To begin with, it was his idea originally. I didn't suggest it, so the responsibility for the idea is his. Second, I have no idea what the words "there was a delay in getting a consensus" mean, but saying "The Berlin piece doesn't work for us" tells me exactly nothing. In what way? Can it, perhaps, be fixed? After all, it's a common courtesy to the writer to try at least one rewrite to bring something up to snuff. And it's not like I put everything I knew into the piece. It's hard to write about a place from inside it, because you always make assumptions about what people do and don't know. Had I, perhaps, done that? Was there a format I failed to follow? Did he think he knew something about the subject that I didn't touch on?

But no, he didn't want it made better, he wanted it to go away. There's no room for maneuvering in this situation, because it would appear that this guy is one of the editors writers dread most: the "I don't know what I want, but I'll know when you give it to me" kind. Most often, they make you do rewrite after rewrite and return comments like "this isn't quite right yet" or the like. Actually, given that tendency I got off easy here: I might have gone through three or four rewrites of what was a bad idea to start with only to come to the same place.

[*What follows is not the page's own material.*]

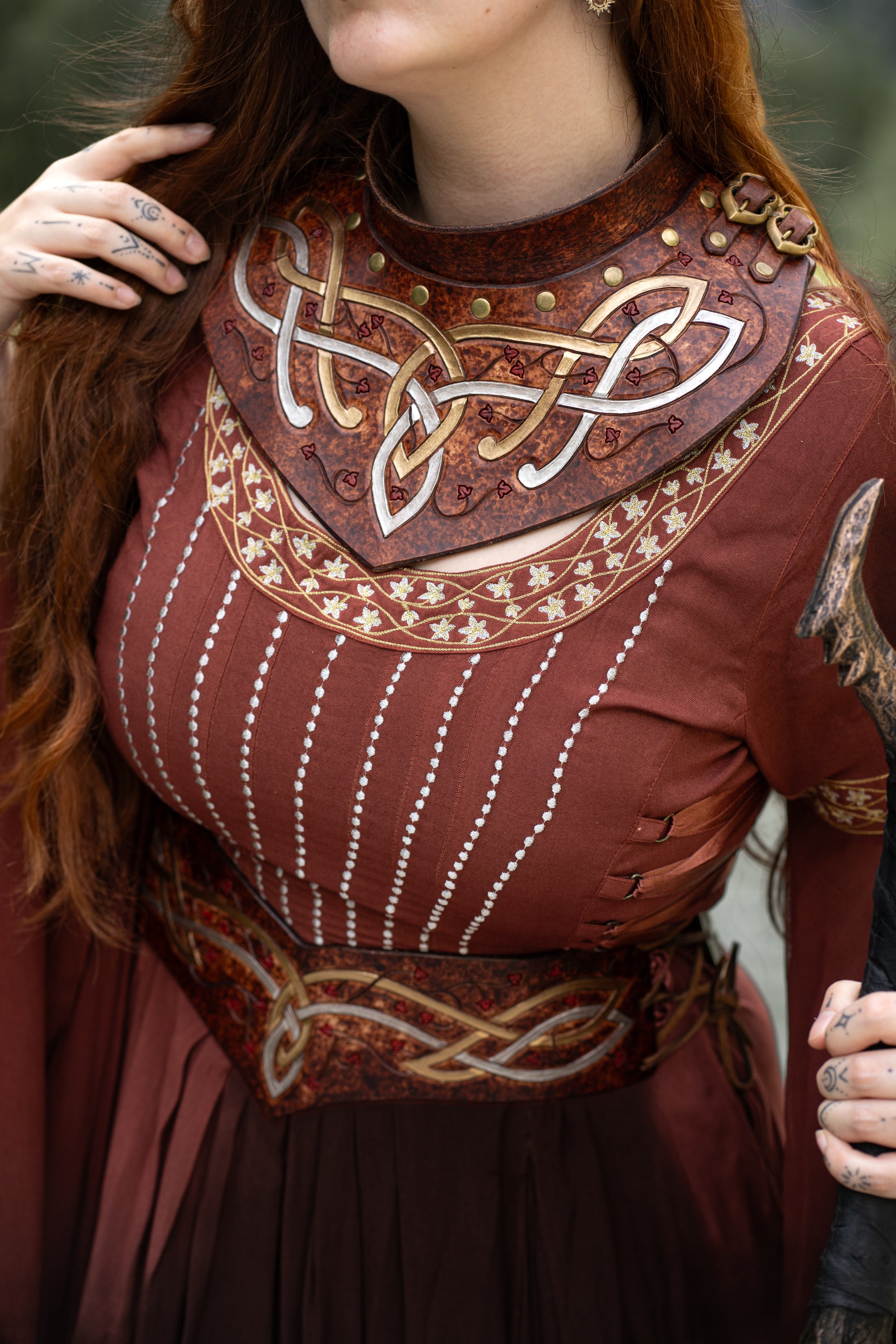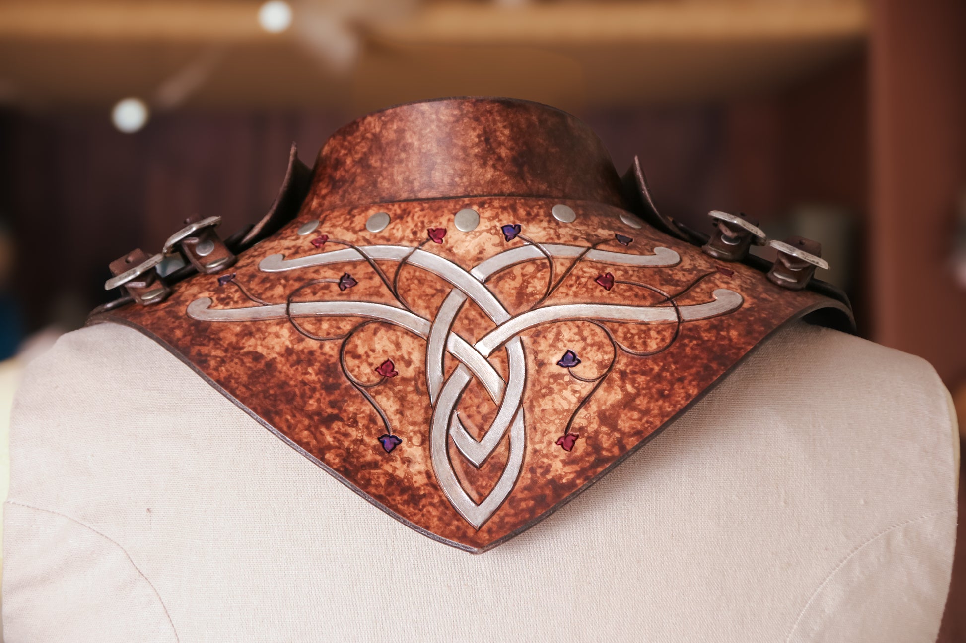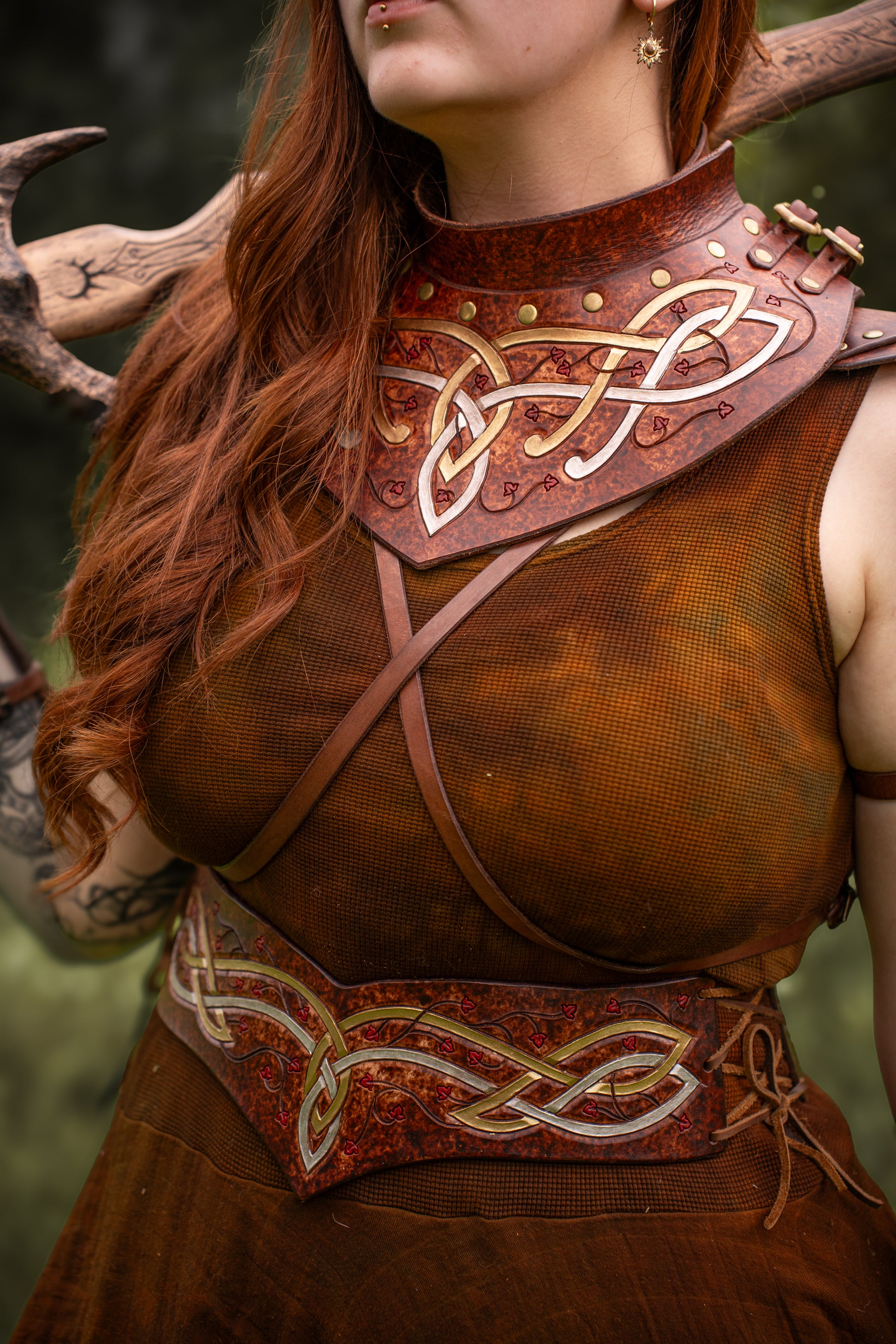 The elves are known for their versatility and agility, and this leather gorget always serves them well. With buckles on either side for adjustment, this gorget is a one size fits all, and can be combined with our Pauldrons/Spaulders.

And here's another interesting thing. Nobody I know in the U.S. who isn't a rock journalist has ever heard of this magazine. It has apparently had no impact whatever. Little wonder: would you think a magazine with a picture of Sting on the cover was aimed at you? The rock journalists, though, are aware of it because it pays a dollar a word. Just for comparison, most of the music magazines I'm currently working for pay 10% of that. And now, with the dollar at an all-time low against the Euro, that's really not good news.

What's really sad is that there's a market for an intelligently-written music magazine with a diverse spectrum of music, new and old, being covered, aimed at an audience of people over 30 years old, the "fifty-quid man," as the Guardian put it in an article way back in March. These are the people who are driving the market, who are buying Mojo at whatever exorbitant import price it commands, and buying it a month late, at that, in most parts of the country. They also buy other significant things, like cars and computers and booze and other high-dollar advertising targets. If the best attempt to serve them is Tracks, then Mojo is going to own the market until someone comes up with competition for them.

And that's probably not about to happen. Right at the moment, I sense a real fear running through the media. Some of this is, of course, due to the repression being rained down on broadcast media by the current administration. Some of it is also doubtless the result of people waiting to see if there'll be regime change in twelve days. It's my guess that if Kerry prevails, there will be a gigantic exhalation of held breath and things will loosen up considerably -- including purse-strings. But right now is not the time to start anything, as far as the overall mood is concerned. Hell, there are too many people applying for passports and investigating expatriation in Canada and New Zealand. The idea that America might have a future would do us all some good.

Anyway, my main disappointment is that this article would have bought me at least a month's rent, and now that's not going to happen. And I was wrong in my last post: I have five cents, not four. And I have enough food to last me through tomorrow evening. After that, though, if there isn't any money around, I'm going to be fasting this weekend. Involuntarily.

1 comment:

Cyn said...

Aw, hell, Ed, I hate when that happens. Perhaps Alan *can* write, but you wouldn't know it from the Slate diary he did for Slate at SXSW. My friends (who've now cancelled their subscriptions) say that the communication is just as bad on the buying end, for what it's worth.